An automated system flags students for academic misconduct.  A false accusation could unfairly penalize a student and cause stress.

- Would you prioritize **precision** or **recall** here?  
- Which mistake is worse: a false positive or a false negative?  
- Briefly explain your reasoning.

`YOUR ANSWER HERE`


##### Your Turn

Come up with **two real-world scenarios**:

- One where you would prefer **high precision**.
- One where you would prefer **high recall**.

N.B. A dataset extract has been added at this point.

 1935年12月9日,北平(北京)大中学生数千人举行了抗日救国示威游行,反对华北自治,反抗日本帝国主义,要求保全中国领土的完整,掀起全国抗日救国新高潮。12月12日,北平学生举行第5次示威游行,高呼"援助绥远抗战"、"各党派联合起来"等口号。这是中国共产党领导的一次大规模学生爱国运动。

For each scenario, describe:

- What counts as a positive prediction?
- What is a false positive?
- What is a false negative?
- Which mistake matters more, and why?

`YOUR ANSWER HERE`


#### HOMEWORK (No Submission Required)

Run the interactive demo in the next cell to explore how evaluation metrics change. This is for your own understanding and practice. You do **not** need to submit your answers.

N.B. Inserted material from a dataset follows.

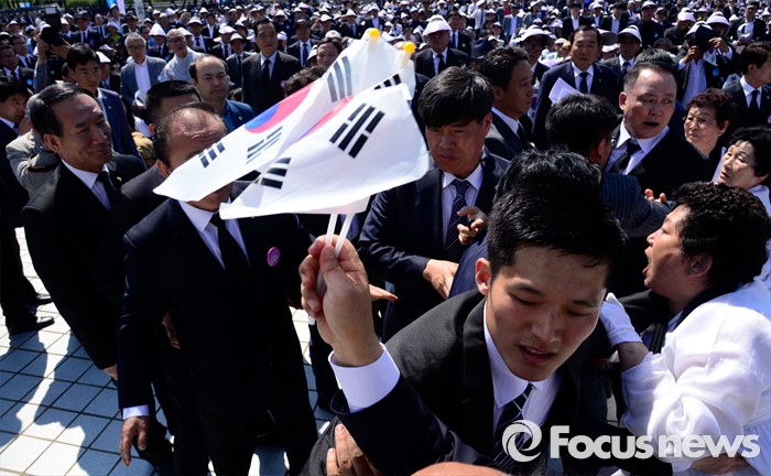 (광주=포커스뉴스) 36주년 5·18민주화운동 기념식이 거행된 18일 오전 광주 북구 운정동 5·18민주묘지에서 행사장에 참석하려는 박승춘 보훈처장이 5월 유가족의 항의를 받고 기념식장을 떠나고 있다.

##### Explore the Interactive Threshold Demo

Move the sliders and observe how the confusion matrix and metrics change.

Answer the following questions as you explore.


**1. Threshold effects**

As you slowly increase the threshold from left to right:

- What trend do you notice in **precision**?
- What trend do you notice in **recall**?
- Explain your observations using TP, FP, and FN.

`YOUR ANSWER HERE`


**2. Extreme thresholds**

- Set the threshold very close to **0** (almost everything predicted positive).  
  What happens to recall? What happens to precision?
- Set the threshold very close to **1** (almost nothing predicted positive).  
  What happens to recall? What happens to precision?

`YOUR ANSWER HERE`


**3. Imbalanced data (prevalence slider)**

- Lower the positive rate so that positives become rare.
- What happens to **accuracy** compared to precision and recall?
- Why might accuracy remain high even when recall is low?

`YOUR ANSWER HERE`


**4. Separability (model quality)**

- Increase separability. What changes do you observe in the confusion matrix?
- Does changing the threshold matter as much when separability is high? Why or why not?

`YOUR ANSWER HERE`


**5. Color mode (TP/FP/FN/TN)**

Switch to the outcome coloring.

- Where do most **false positives** appear relative to the threshold line?
- Where do most **false negatives** appear?

`YOUR ANSWER HERE`

In [None]:
import numpy as np
import matplotlib.pyplot as plt
import ipywidgets as widgets
from IPython.display import display, clear_output


def confusion_counts(y_true, y_pred):
    y_true_ = np.asarray(y_true).astype(int)
    y_pred = np.asarray(y_pred).astype(int)
    tp = int(np.sum((y_true == 1) & (y_pred == 1)))
    fp = int(np.sum((y_true == 0) & (y_pred == 1)))
    fn = int(np.sum((y_true == 1) & (y_pred == 0)))
    tn = int(np.sum((y_true == 0) & (y_pred == 0)))
    return tp, fp, fn, tn

def safe_div(num, den):
    return float(num) / float(den) if den != 0 else np.nan

def compute_metrics(tp, fp, fn, tn):
    acc  = safe_div(tp + tn, tp + fp + fn + tn)
    prec = safe_div(tp, tp + fp)
    rec  = safe_div(tp, tp + fn)   # Recall / TPR
    f1   = safe_div(2*prec*rec, prec + rec) if (prec == prec and rec == rec and (prec + rec) != 0) else np.nan
    return acc, prec, rec, f1

def fmt(x):
    return "undefined" if (x != x) else f"{x:.3f}"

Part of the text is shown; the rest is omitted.